La Peira | (The Stone)
Sabe pas si sagnan, las peiras. Si cridan, si udlan jos la rôda e la massa, e lo fiau dau coteu si las blessa, a plena charn, en las trauchar.
Sabe, l’argiu que ne’n riula per cas, tan roge que siaja n’es pas que de sang.
E diria res de lor tendresa, de peira a peira, de l’aiga a l’aer...
Mas ço que sabe, que nòstre sang ven de la peira. E nòstra charn ven pas d’alhors, tòrna de peira que sem peira, que sem pouvera e fum de vent.
Que nòstre sang es sang de peira, e nôstra chalor de solelh, e nòstra bramada lo crit de la peira, e nôstra arma lai paissa a plen còrs, que siagem l’arma de la peira—mas dijatz, la peira, ela qu’es peira—d’onte ven ?
I don’t know if they bleed, the stones. Or if they cry out, if they scream under the mace or the wheel, of the knife’s blade wounds them, deep in their flesh, slicing through them.
I know that the loam that sometimes runs from them, no matter how red it be, is not blood.
And I’ll say nothing of their tenderness, from stone to stone, from water to air.
But what I know is that our blood comes from the stone. And our flesh comes from nowhere else, it turns from stone into the stone we are, we are dust and wind’s smoke.
That our blood is blood of the stone, and our heat of sun, and our clamor the cry of the stone, through which our soul passes full-bodied, that we are the soul of the stone—but tell me, the stone, who is the stone—from where does it come?
The scream of the stones
When the stones start to howl, to howl like a sick dog, like a child lost in the night,
like the dogs at the moon,
like a woman in her pains,
have you heard them, the stones?
When the stones howl under the hammer and under the mace, when the stones jabber
under the steel’s edge,
have you heard them complain?
—Have you heard them sing?
When you hear it blow, the wind that goes & caresses the stone,
and that passes its hands through its hair, its fingers over the … glove of the stone,
listen to it sing…
Listen to it sleep, the stone. For so much time inside the blackness of time and of the stone.
Listen to it breathe.
So fully, of such a long and deep breath that never ends, you’ll listen to it’s respiration…

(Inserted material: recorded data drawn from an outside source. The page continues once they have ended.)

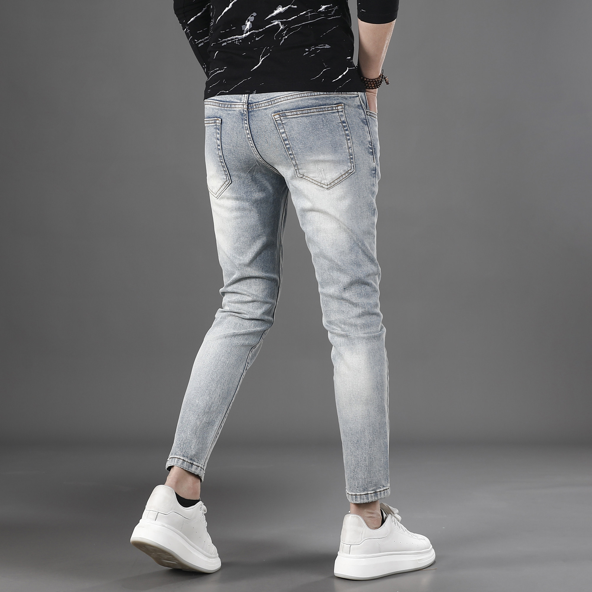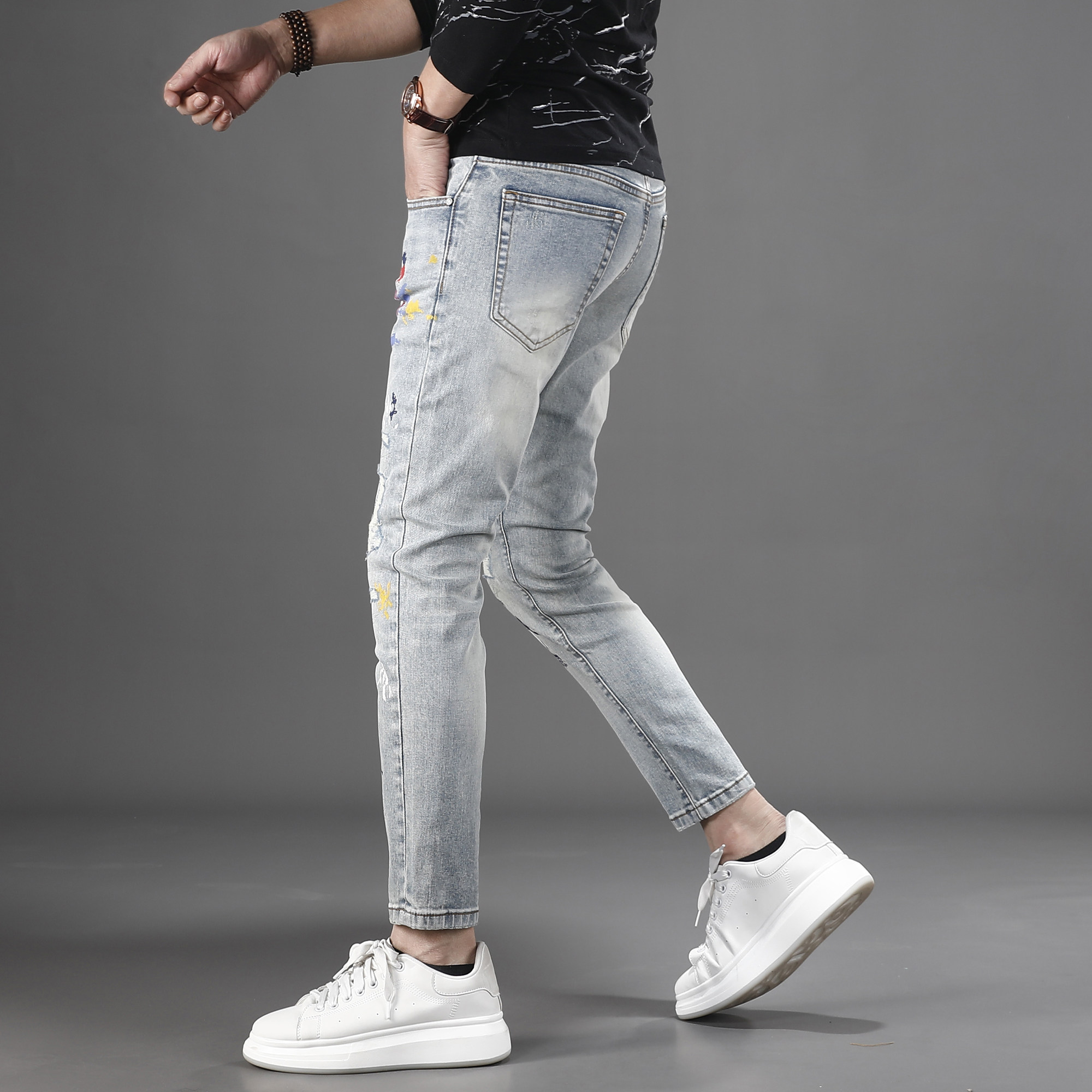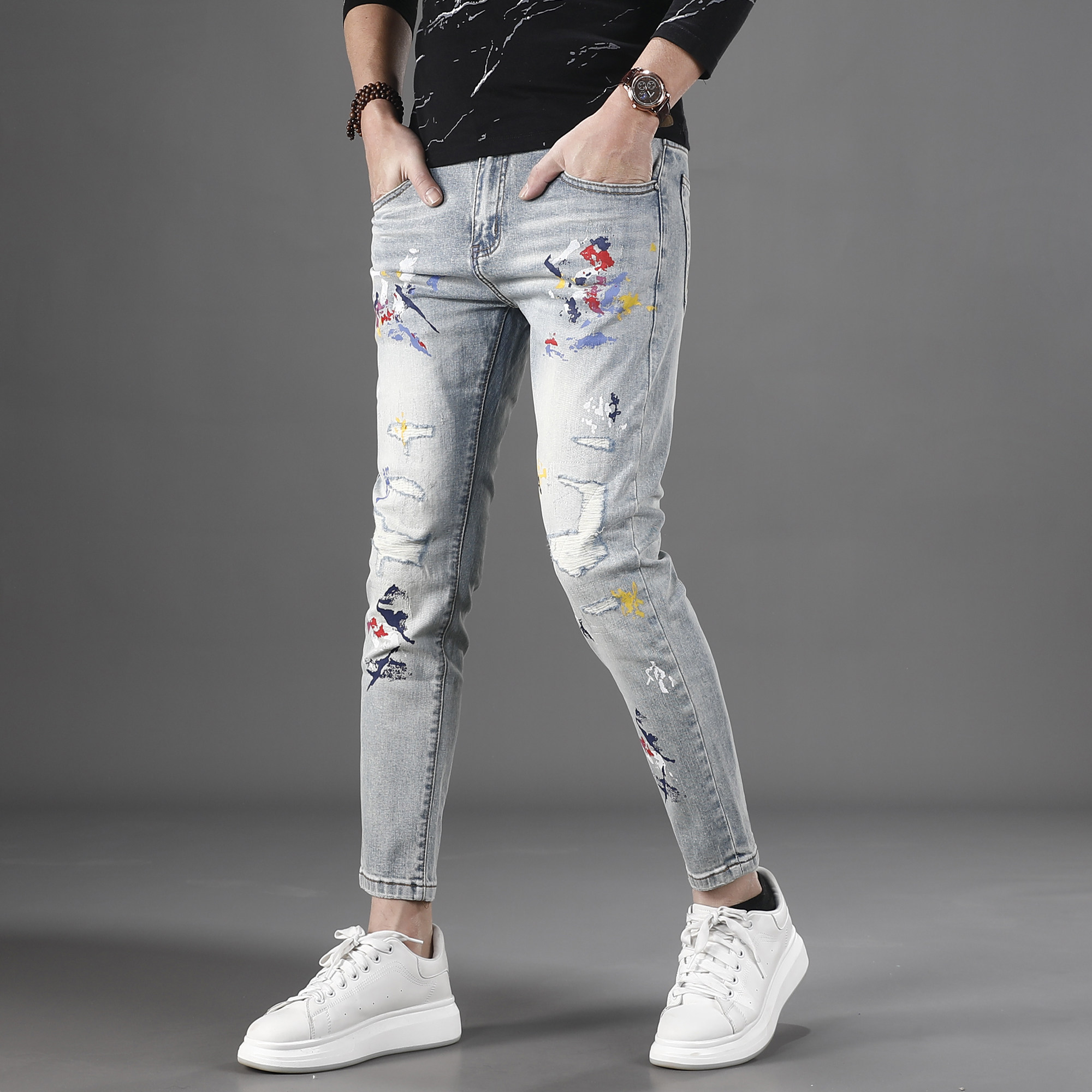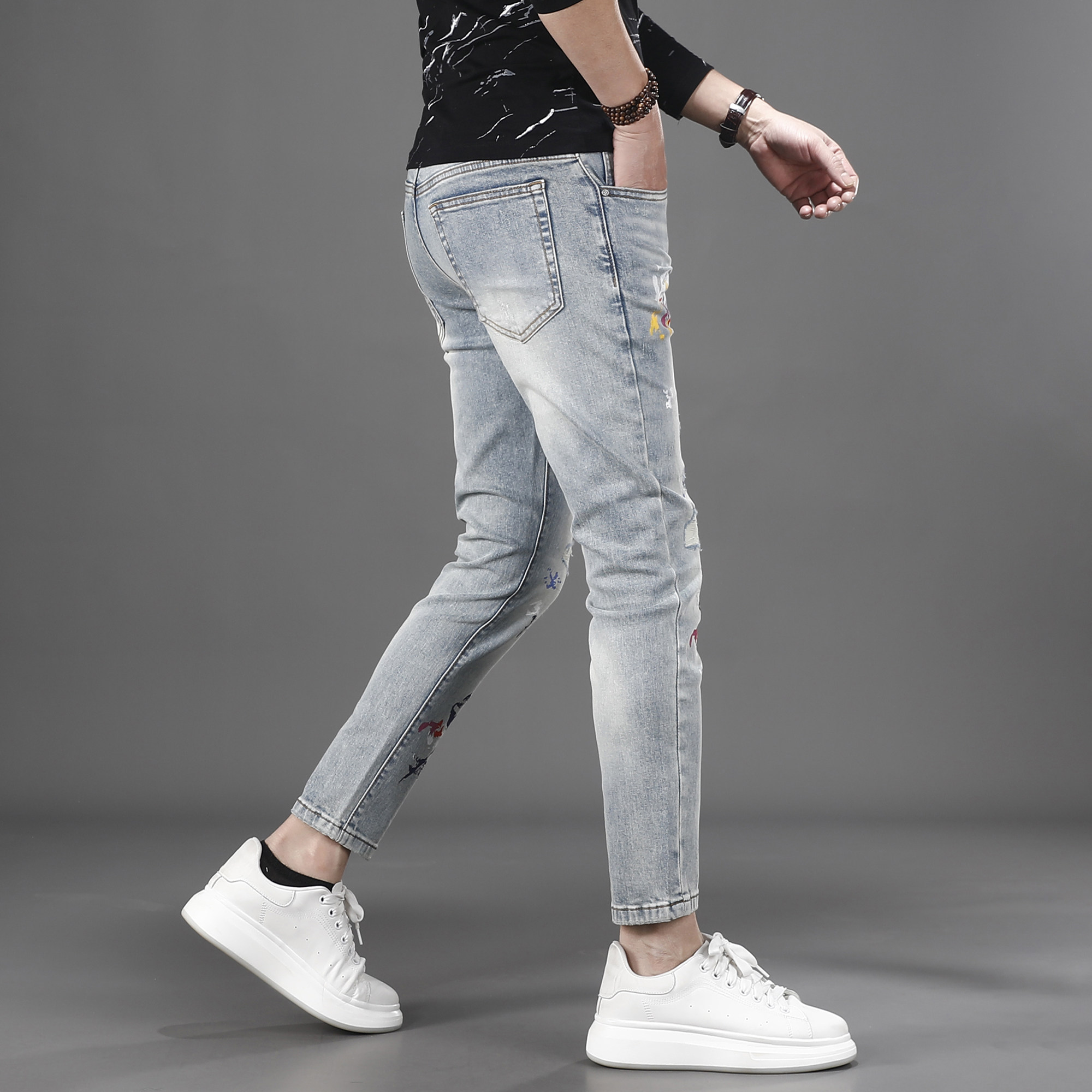 2026新款时尚破洞补丁油漆涂鸦牛仔裤男九分修身小脚痞帅9分裤子
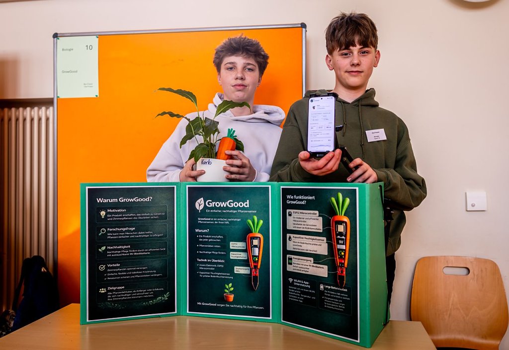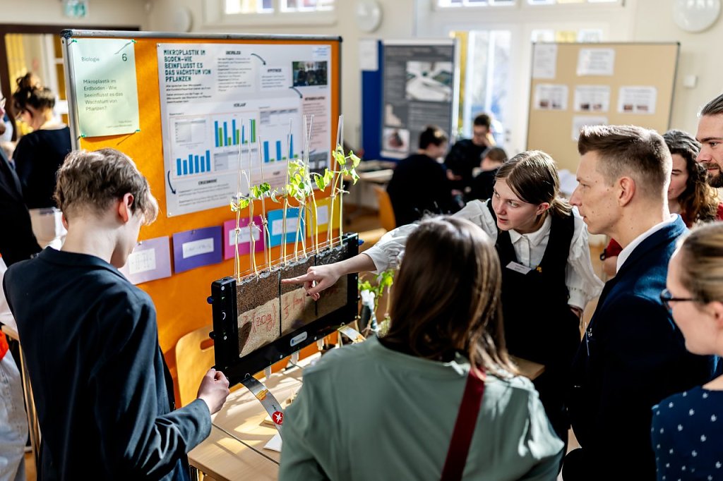Auch Tilda Müller und Liam Luca Weidensee, Siebtklässler des Schiller-Gymnasiums in Bleicherode, widmeten sich dem Thema Mikroplastik. Sie untersuchten, wie Kunststoffpartikel im Boden das Pflanzenwachstum beeinflussen, und konnten negative Effekte nachweisen. Auch die beiden konnten die Jury, bestehend aus Lehren und Hochschulpersonal, überzeugen.
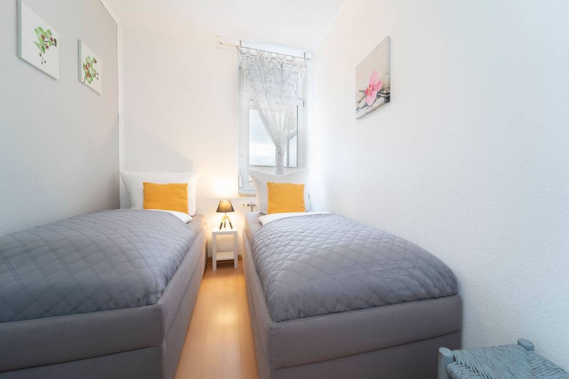 Schlafzimmer: 2 Einzelbetten (2x 80x200 cm), elektrische Außenjalousien
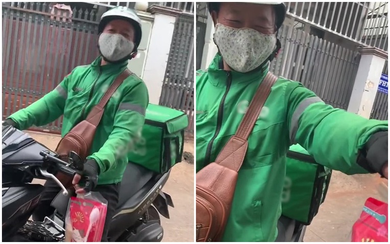 Theo đó một cô gái order trà sữa và người giao hàng không ai khác chính là bố cô: “Bố đi giao hàng gặp trúng con gái đặt trà sữa, hú hồn luôn” . Ngoài ra cô gái còn viết chú thích đính kèm khoảnh khắc này: "Lâu lâu đặt 1 bữa lại gặp trúng bố yêu của mình. Cảm ơn lúc nào cũng thấy bố vui vẻ".
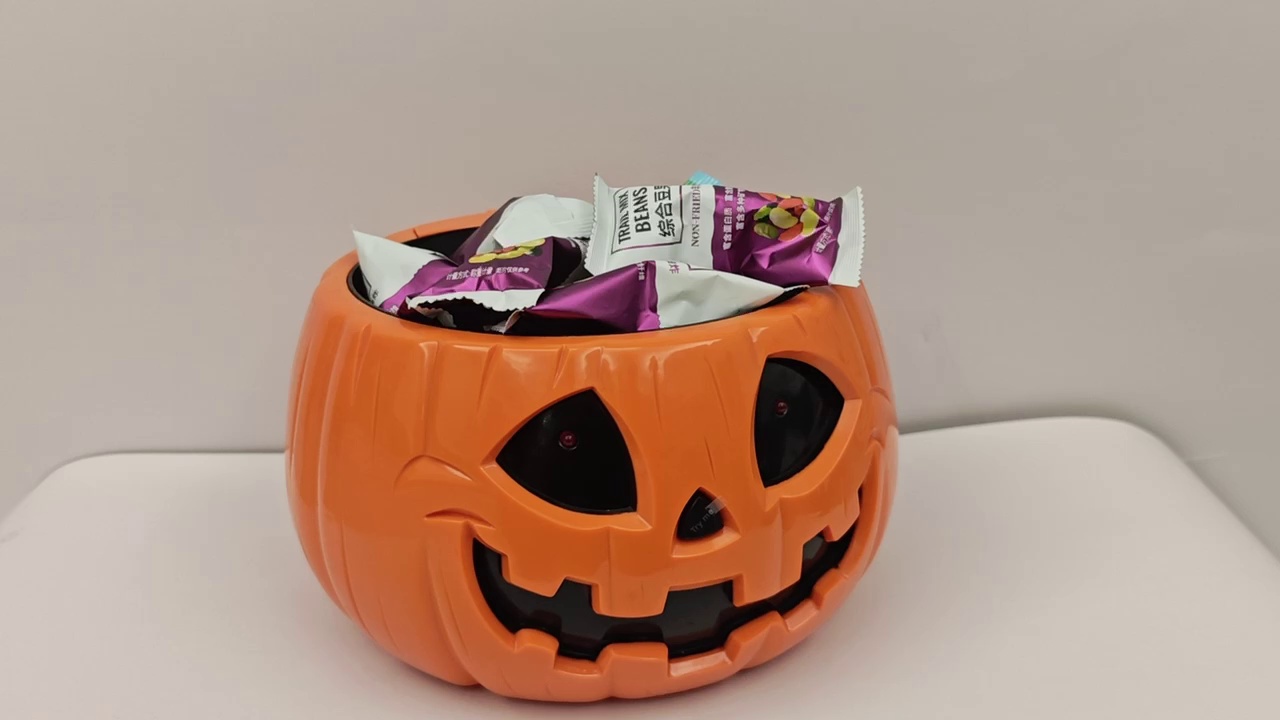 万圣节电动感应南瓜桶 骷髅手弹出发光糖果罐工厂源头厂家直销

One on top of the other, one across the other one against the other, sand above, sand below, the earth is deep and the stones sleep in it.
Don’t you hear them sleep?
MARCELA DELPASTRE (1925 - 1998) was an immense poet, prose writer and gatherer of tales and songs, an Occitan ethnopoetics practitioner from the Corrèze region of the Limousin--or “occupied Occitania.” Though she studied philosophy and literature in high school and then decorative arts in Limoges, she gave it all up in 1945 to return to Germont, the small village where she was born and would die, to run the family farm. Writing both in Occitan and in French, she produced a massive oeuvre still in the process of being published (by Jan dau Melhau at Edicions Jan Chamin de Sant-Jaume). As one commentator put it: “She is as much of a literary genius as Manciet or Rouquette and yet in France she is accorded much less recognition, being considered a less-valued “peasant-poet.” A witness of the profound upheavals of the post-World War II era, she cultivated an ongoing absolute relationship to the--her--land and to her language(s), through conscious and reactive writing and persistent anger, both nourished by ethnography and a deep knowledge of ecosystems and of the human soul. This profound relation to the earth and the spiritual world it reveals, a quasi-shamanistic process visible in the poems here published, is compacted in the term she insisted on using to define herself: the low-Limousin word meaning ‘peasant,’ which is a homophone of the French word “paien,” meaning “pagan.” [Commentary excerpted from the forthcoming publictaion of the poems in Jerome Rothenberg’s revised and expanded edition of Technicians of the Sacred.]